---- Data for the task

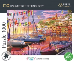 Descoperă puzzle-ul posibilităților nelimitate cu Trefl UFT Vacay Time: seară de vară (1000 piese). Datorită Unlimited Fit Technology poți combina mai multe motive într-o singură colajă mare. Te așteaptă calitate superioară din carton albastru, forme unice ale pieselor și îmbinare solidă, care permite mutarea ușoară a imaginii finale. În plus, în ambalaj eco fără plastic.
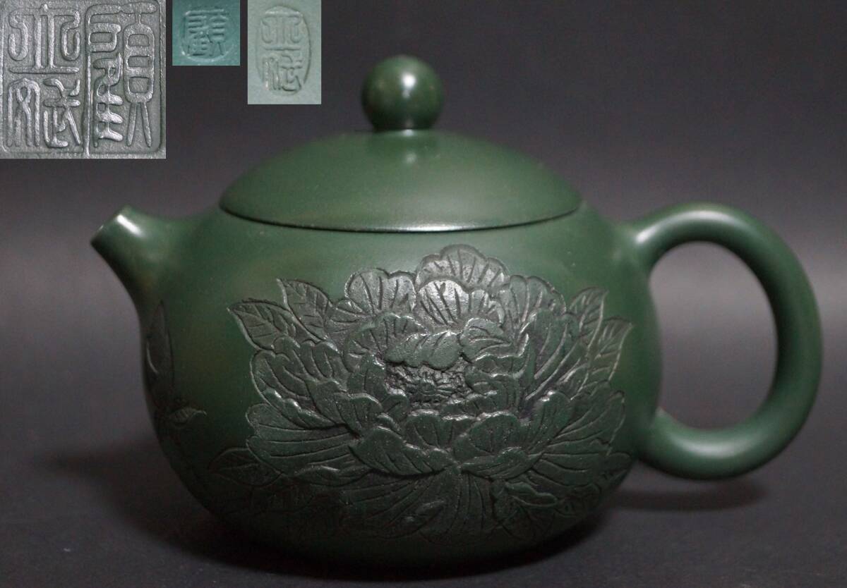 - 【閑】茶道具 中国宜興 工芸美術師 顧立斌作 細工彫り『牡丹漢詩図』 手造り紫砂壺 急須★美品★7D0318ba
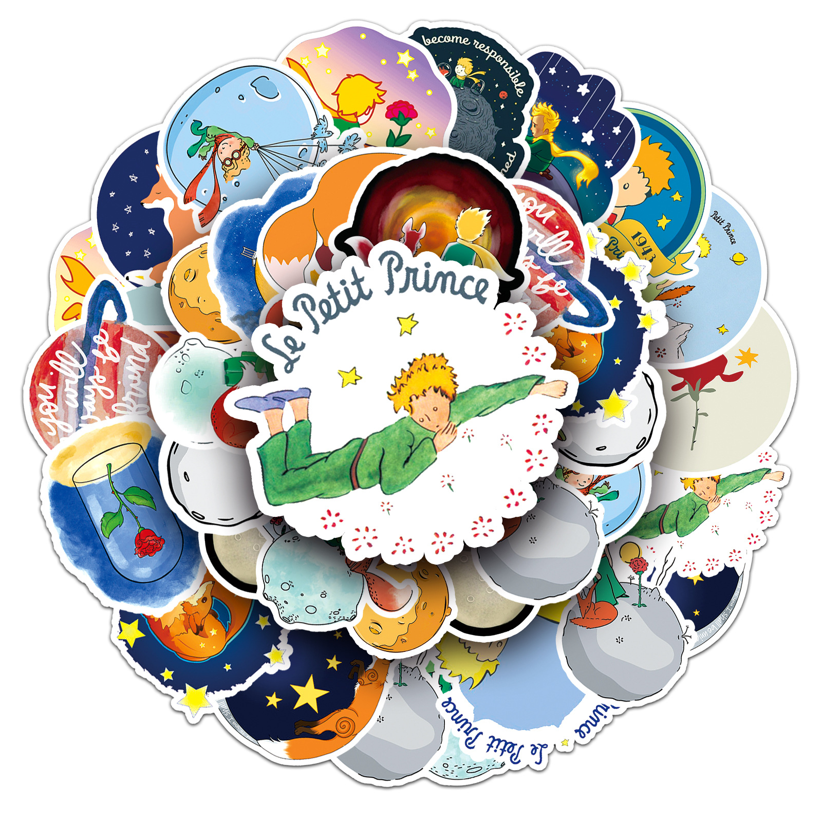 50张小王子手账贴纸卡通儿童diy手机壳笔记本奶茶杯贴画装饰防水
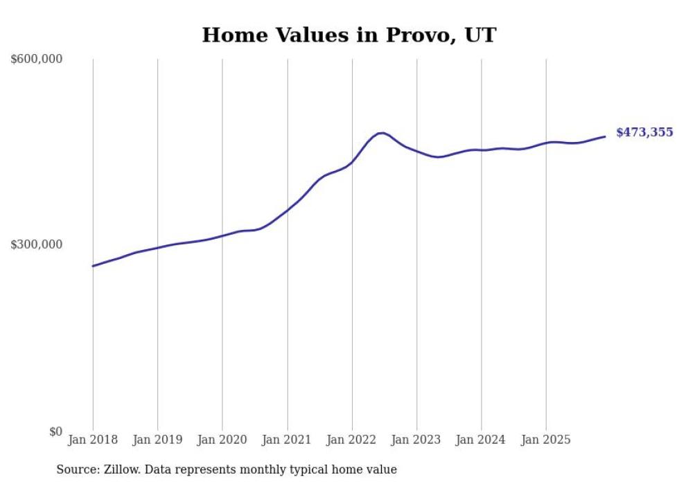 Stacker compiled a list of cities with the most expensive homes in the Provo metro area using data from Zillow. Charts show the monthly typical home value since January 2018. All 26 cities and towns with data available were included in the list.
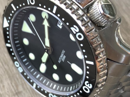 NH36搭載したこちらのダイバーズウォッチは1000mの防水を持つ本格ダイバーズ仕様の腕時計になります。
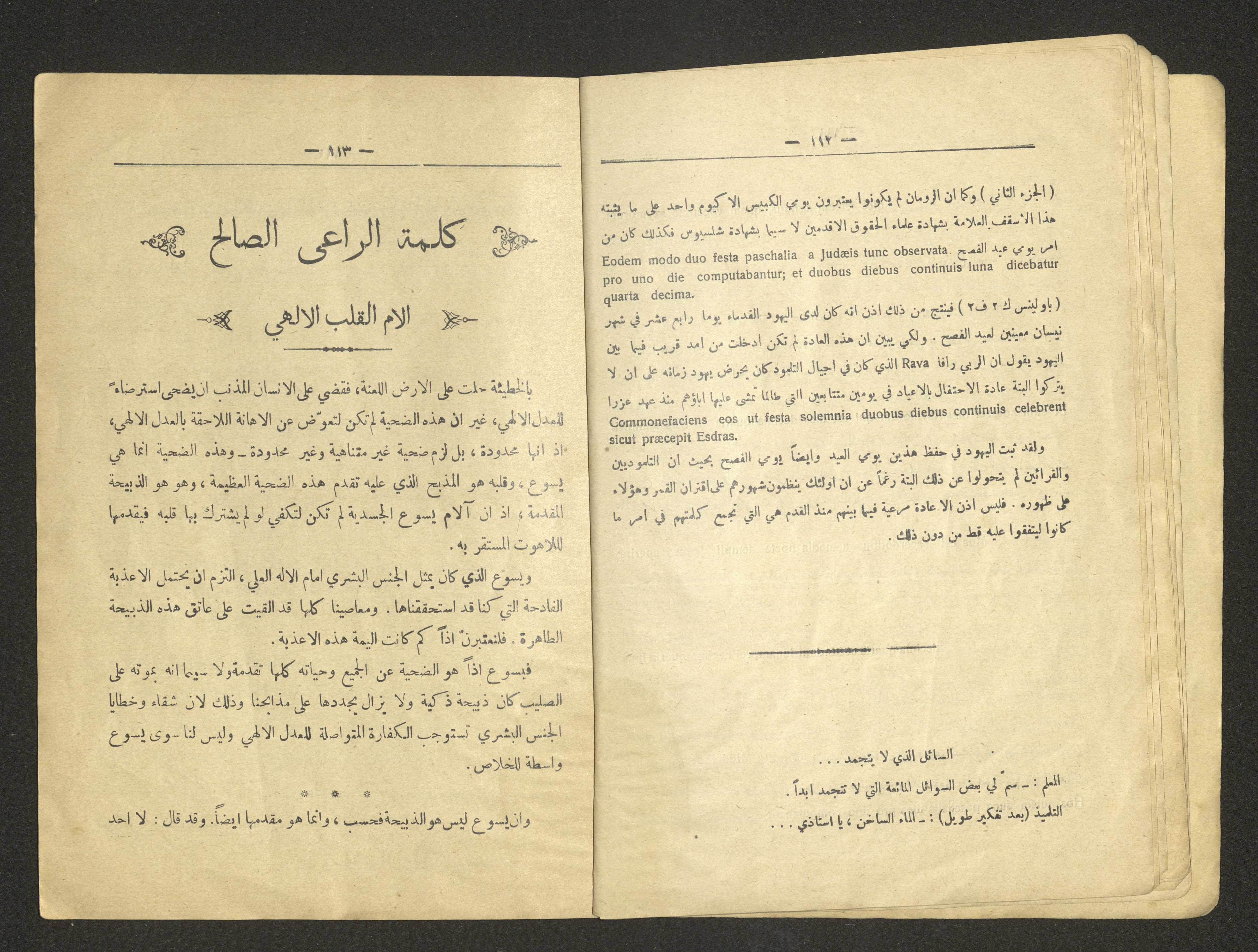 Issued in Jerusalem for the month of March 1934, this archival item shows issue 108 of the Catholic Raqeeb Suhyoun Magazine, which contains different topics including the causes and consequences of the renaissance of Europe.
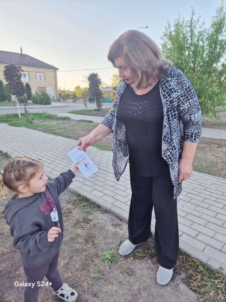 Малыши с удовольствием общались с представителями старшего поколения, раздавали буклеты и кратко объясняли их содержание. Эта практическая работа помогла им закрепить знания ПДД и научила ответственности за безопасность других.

--------

» **Task statement**
All lines from the one containing "Issued in Jerusalem" to the last line of the data above, both included, should be printed exactly, and the pictures should not appear.

» **Reply to the task**
 Issued in Jerusalem for the month of March 1934, this archival item shows issue 108 of the Catholic Raqeeb Suhyoun Magazine, which contains different topics including the causes and consequences of the renaissance of Europe.
 Малыши с удовольствием общались с представителями старшего поколения, раздавали буклеты и кратко объясняли их содержание. Эта практическая работа помогла им закрепить знания ПДД и научила ответственности за безопасность других.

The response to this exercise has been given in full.